─── Given data

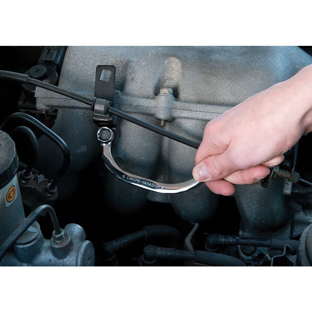 C-vormige sleutels voor het gebruik op moeilijk bereikbare plekken. Gehard en hoogwaardig gepolijst chroom vanadium staal. De sleutels worden in een sterke opbergetui verstrekt. Inbegrepen maten: 8 x 10, 11 x 13, 14 x 15, 17 x 19, 21 x 22 mm.
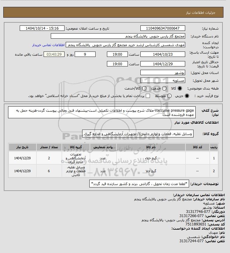 شرح کلی نیاز: Vaccume pressure gage-ملاک شرح پیوست و اطلاعات تکمیلی است-پیشنهاد فنی ومالی پیوست گردد-هزینه حمل به عهده فروشنده است
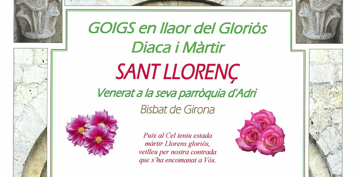 GOIGS EN LLAOR DEL GLORIÓS DIACA I MÀRTIR SANT LLORENÇ, VENERAT A LA SEVA PARRÒQUIA D’ADRI BISBAT DE GIRONA
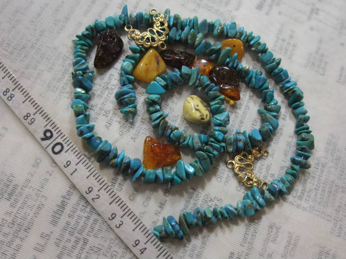 さざれとはいえ、高品質なアメリカ産のお色のきれいな本ターコイズ、やや以前の仕入れにはなりますがアメリカ産の正真正銘の本トルコ石の約40cm1本と(さざれですので詰め具合によって誤差は出ます。その旨ご了承ください☆)、古いものですがリトアニア産バルチックアンバー本琥珀のフリーシェイプ系さざれの小粒平タンブルのルースをつけてさらにアンティークなレトロデザインの真鍮メタルパーツをプラスして、お得感しっかりのセットにしてみました♪本ターコイズ連材はやや時間が経過したお品になりますが美しく、ハウライトやアグネサイトの染めたものではなく、本物のターコイズです☆ブルーの部分とインクルージョンが特徴的で良い風合いと思います(アメリカ産は間違いないですが、地域・鉱山までははっきりしないです)。石の特性上エンハンストリートメントはしていますが、高技術の仕上がりで、ブラスゴールドな真鍮パーツにとてもよく似合います。 穴開けはどれも0.34mmワイヤーが通ります。
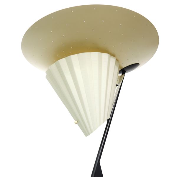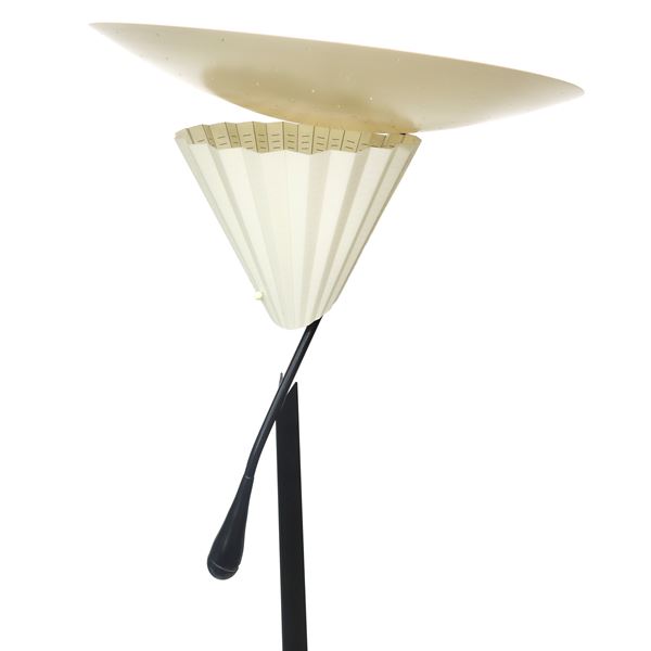 Piantana con diffusore e struttura in metallo laccato, controdiffusore in pergamenoide, 1990
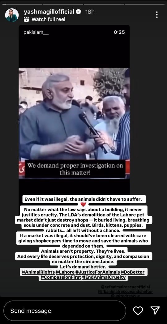 She further emphasized, “No matter whatever the law says about a building, it never justifies cruelty. The LDA demolition of the Lahore pet market didn’t just destroy shops, it buried living, breathing souls under concrete and dust. Birds, puppies, rabbits ,all left without a chance.”
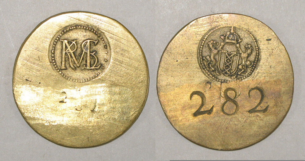 voorzijde: stempel in cirkelvorm met parelcirkel, waarin afgebeeld het gekroonde wapen van Amsterdam, geflankeerd door twee leeuwen, boven het gegraveerde nummer 282. keerzijde: cirkelvormig stempel met monogram MKRLS in parelcirkel.- Trefwoorden
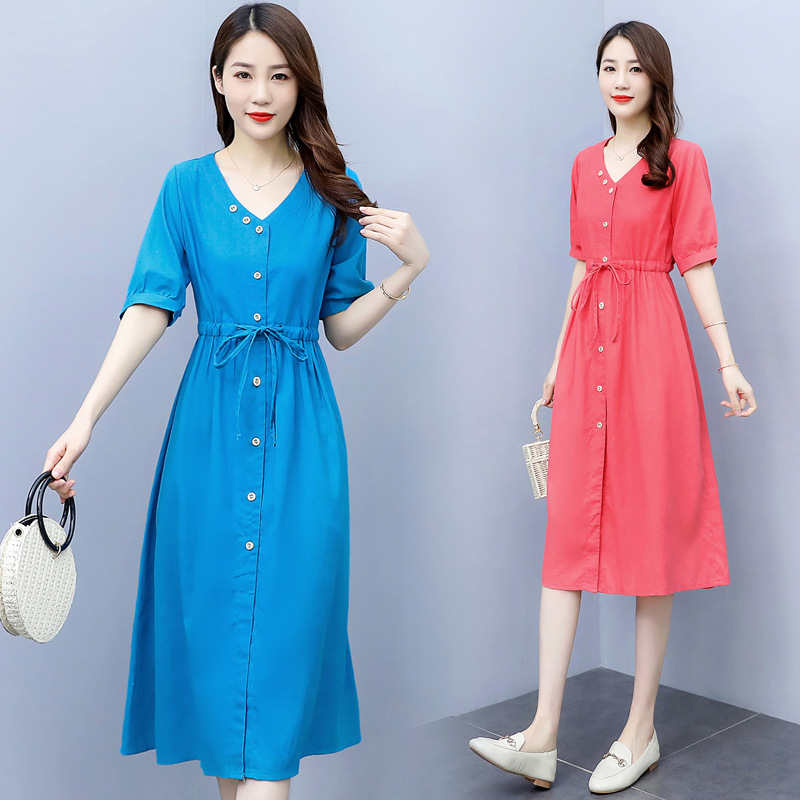 Cotton and linen dress for women, mid-length, summer 2021 new style, belly-covering, waist-slimming, A-line skirt, stylish, age-reducing, mother's wear
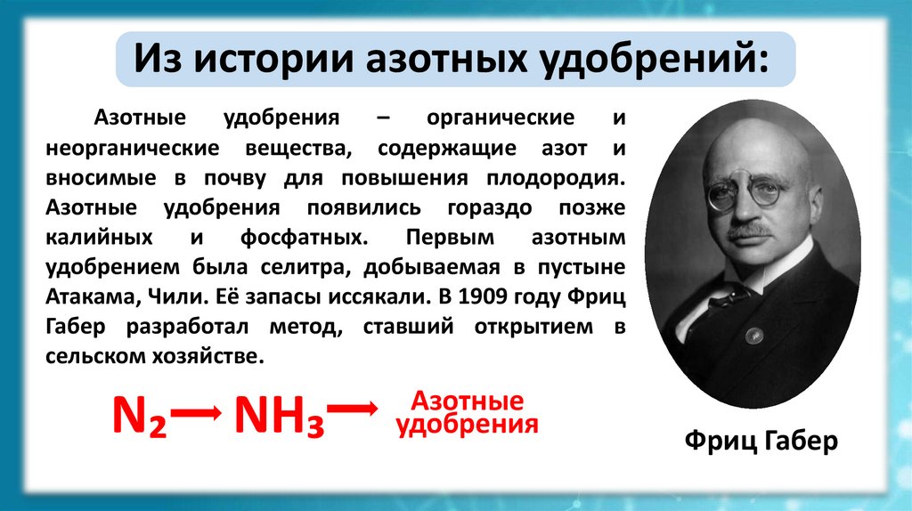 Из истории азотных удобрений:Азотные удобрения – органические и
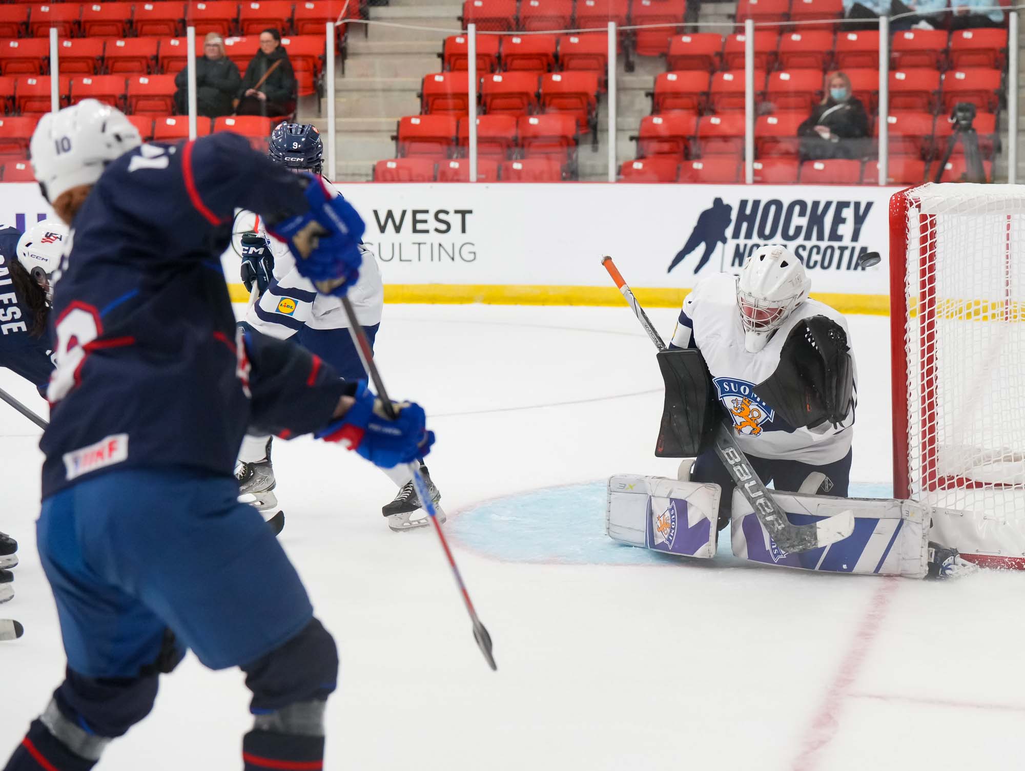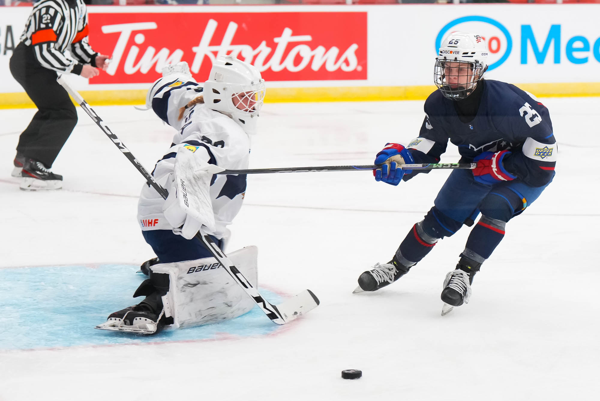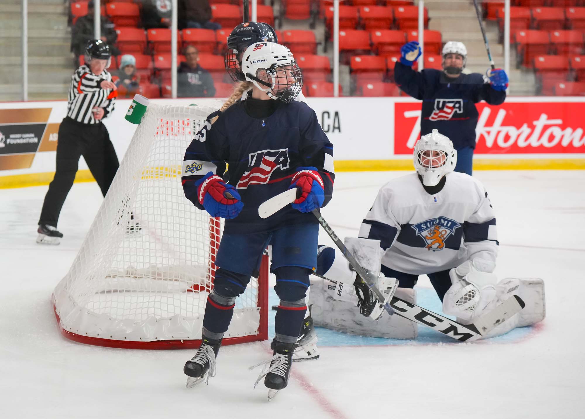 Seven minutes later, they added to their tally. Alaina Gnetz cut in on her off wing and barrelled past Viivi-Maija Ruonakoski before getting off a quick shot that surprised the goalie. And then, the U.S. added three late goals, two coming just eleven seconds apart.
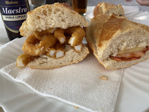 Read more¿Sabes ese sitio donde entras pensando “a ver qué tal” y sales diciendo “¿cuándo volvemos?” Pues eso nos pasó. Pedimos un bocadillo de calamares que parecía recién salido del mar (y del cielo), y otro de lomo adobado con queso que estaba tan bueno que le hicimos una foto antes de comérnoslo…queda inmortalizado! Y como no se puede vivir solo de bocatas (aunque se intente), pedimos unas croquetas de jamón que deberían tener su propio monumento. Cremosas, sabrosas, y con tropezones de jamón que te hacen cerrar los ojos de gusto. Nivel: abuela orgullosa. Todo raciones generosas. El personal, de diez. Súper atentos, simpáticos, y con ese arte que te hace sentir como en casa aunque solo hayas ido a por un bocata. Y qué te digo del precio? Tan bueno que te dan ganas de invitar a todo el bar! La única pega es solo se puede pagar en efectivo. Así que nada de “te hago bizum”, aquí toca tirar de billetes como en los viejos tiempos…por eso no le doy las 5...
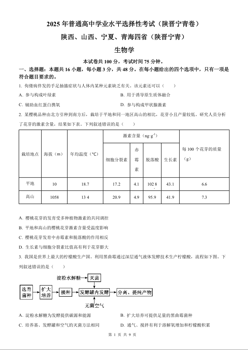2025年生物高考真题--陕西、山西、宁夏、青海四省卷
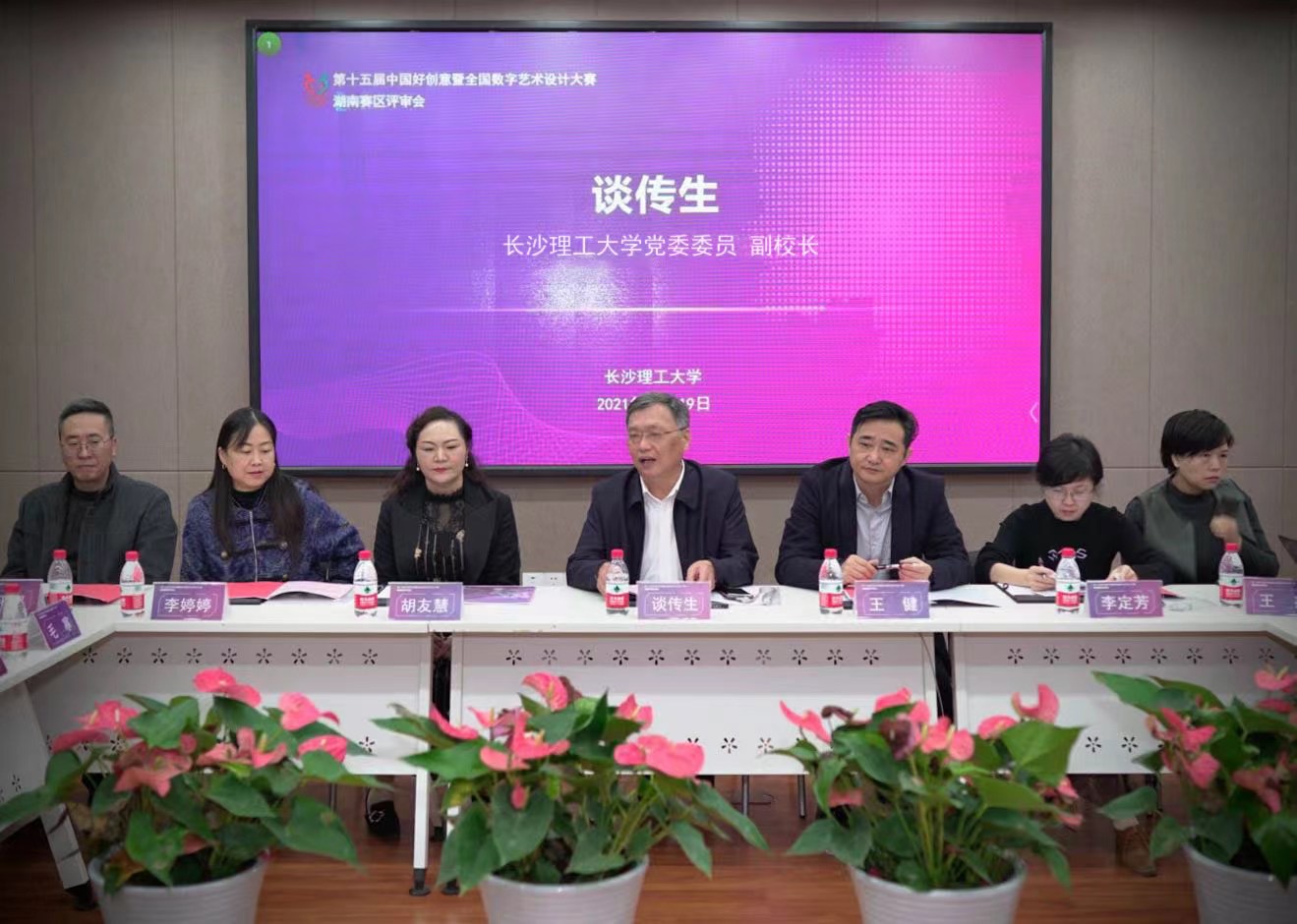 会议由第十五届中国好创意暨全国数字艺术设计大赛湖南赛区组委会秘书长、LETOU体育平台设计艺术学院信息设计系主任朱诗源主持,并邀请了LETOU体育平台党委委员、副校长谈传生教授,第十五届中国好创意暨全国数字艺术设计大赛湖南赛区常务副主任、LETOU体育平台设计艺术学院院长王健教授致辞。
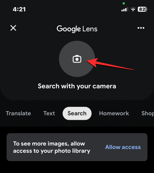 - 这将打开 Google Lens,它是适用于 iOS 的 Google 应用程序的一部分。您无需再次安装 Google 智能镜头应用即可使用此功能。在 Google Lens 屏幕中,点击顶部的相机按钮。
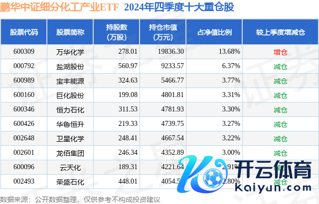 鹏华中证细分化工产业ETF为指数型-股票基金,笔据最新一期基金季报披露,该基金财富竖立:股票占净值比99.16%,无债券类财富,现款占净值比0.87%。基金十大重仓股如下:
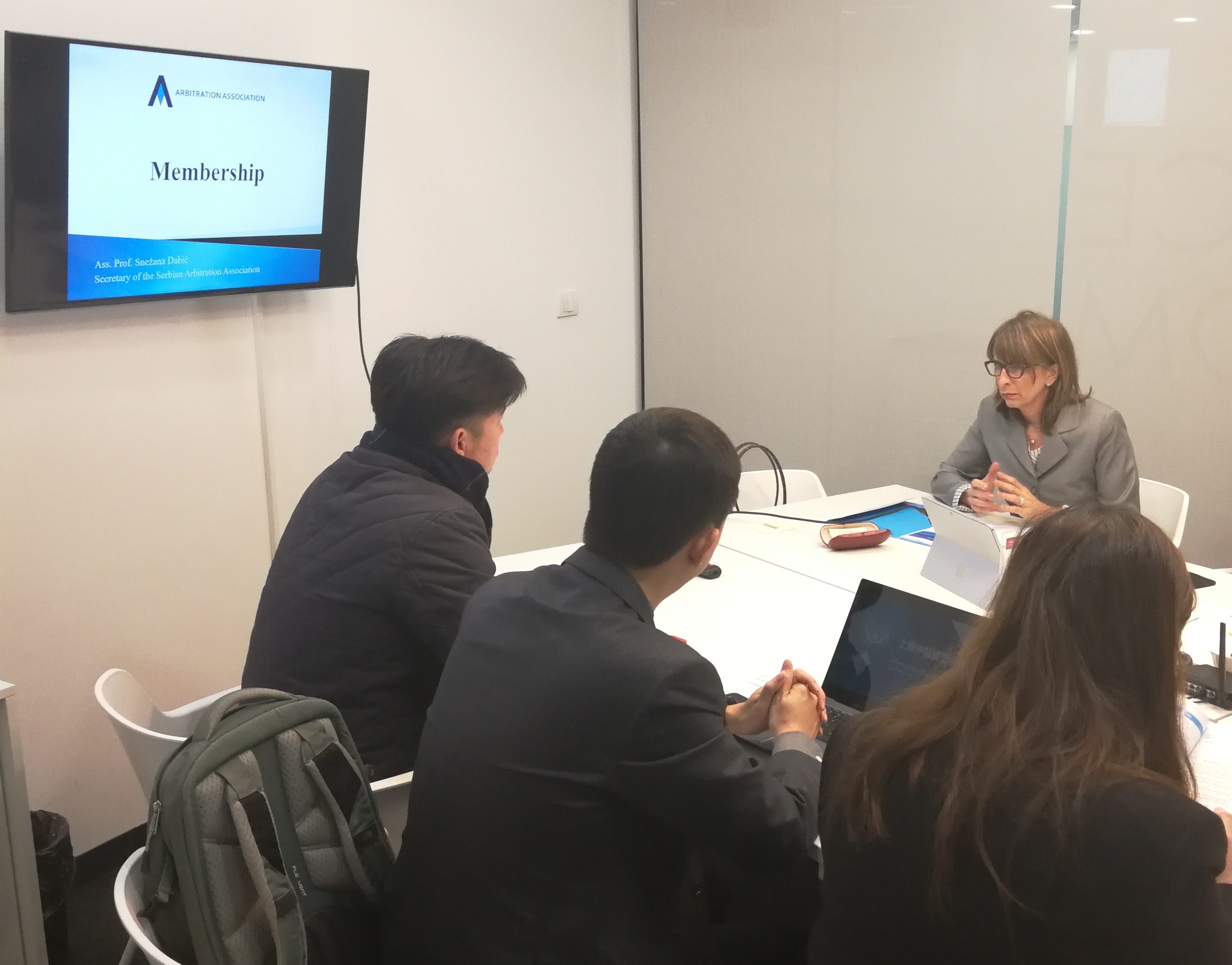 On Thursday, 28 November, the Arbitration Association and the Belgrade Arbitration Center met with guests from China: Mr Gong Jun, Deputy Director of Arbitration Department 3 of Shanghai Arbitration Commmision, Ms Wu Jinxi, Secretary of the Filing Department of the Shanghai Arbitration Commission, and Mr Lu Shenglai, Secretary of the Shanghai Arbitration Commission. The Shanghai Arbitration Commission was founded in 1995 and today administeres approximately 4000 cases per year, including 230 international cases. The guests outlined the possibilities for cooperation in the dispute resolution, considering in particular the Chinese initiative „One Belt One Road“ that covers Serbia amongst other counties. The Arbitration Association was represented by Ms Milena Đorđević, member of the Board and Ms Snežana Dabić, Secretary, while Belgrade Arbitration Center was represented by Ms Maja Stanivuković and Mr Miloš Živković, members of the Board, Mr Predrag Spasić, Secretary and Ms Tijana Lalić as arbitrator and member of Arbitration Association.

──────

_Task objective_:
Leave out the pictures and restate, word for word, the lines from the top of the data through the line containing "Seven minutes later, they", both included.

_Output_:
 C-vormige sleutels voor het gebruik op moeilijk bereikbare plekken. Gehard en hoogwaardig gepolijst chroom vanadium staal. De sleutels worden in een sterke opbergetui verstrekt. Inbegrepen maten: 8 x 10, 11 x 13, 14 x 15, 17 x 19, 21 x 22 mm.
 شرح کلی نیاز: Vaccume pressure gage-ملاک شرح پیوست و اطلاعات تکمیلی است-پیشنهاد فنی ومالی پیوست گردد-هزینه حمل به عهده فروشنده است
 GOIGS EN LLAOR DEL GLORIÓS DIACA I MÀRTIR SANT LLORENÇ, VENERAT A LA SEVA PARRÒQUIA D’ADRI BISBAT DE GIRONA
 さざれとはいえ、高品質なアメリカ産のお色のきれいな本ターコイズ、やや以前の仕入れにはなりますがアメリカ産の正真正銘の本トルコ石の約40cm1本と(さざれですので詰め具合によって誤差は出ます。その旨ご了承ください☆)、古いものですがリトアニア産バルチックアンバー本琥珀のフリーシェイプ系さざれの小粒平タンブルのルースをつけてさらにアンティークなレトロデザインの真鍮メタルパーツをプラスして、お得感しっかりのセットにしてみました♪本ターコイズ連材はやや時間が経過したお品になりますが美しく、ハウライトやアグネサイトの染めたものではなく、本物のターコイズです☆ブルーの部分とインクルージョンが特徴的で良い風合いと思います(アメリカ産は間違いないですが、地域・鉱山までははっきりしないです)。石の特性上エンハンストリートメントはしていますが、高技術の仕上がりで、ブラスゴールドな真鍮パーツにとてもよく似合います。 穴開けはどれも0.34mmワイヤーが通ります。
 Piantana con diffusore e struttura in metallo laccato, controdiffusore in pergamenoide, 1990
 She further emphasized, “No matter whatever the law says about a building, it never justifies cruelty. The LDA demolition of the Lahore pet market didn’t just destroy shops, it buried living, breathing souls under concrete and dust. Birds, puppies, rabbits ,all left without a chance.”
 voorzijde: stempel in cirkelvorm met parelcirkel, waarin afgebeeld het gekroonde wapen van Amsterdam, geflankeerd door twee leeuwen, boven het gegraveerde nummer 282. keerzijde: cirkelvormig stempel met monogram MKRLS in parelcirkel.- Trefwoorden
 Cotton and linen dress for women, mid-length, summer 2021 new style, belly-covering, waist-slimming, A-line skirt, stylish, age-reducing, mother's wear
 Из истории азотных удобрений:Азотные удобрения – органические и
 Seven minutes later, they added to their tally. Alaina Gnetz cut in on her off wing and barrelled past Viivi-Maija Ruonakoski before getting off a quick shot that surprised the goalie. And then, the U.S. added three late goals, two coming just eleven seconds apart.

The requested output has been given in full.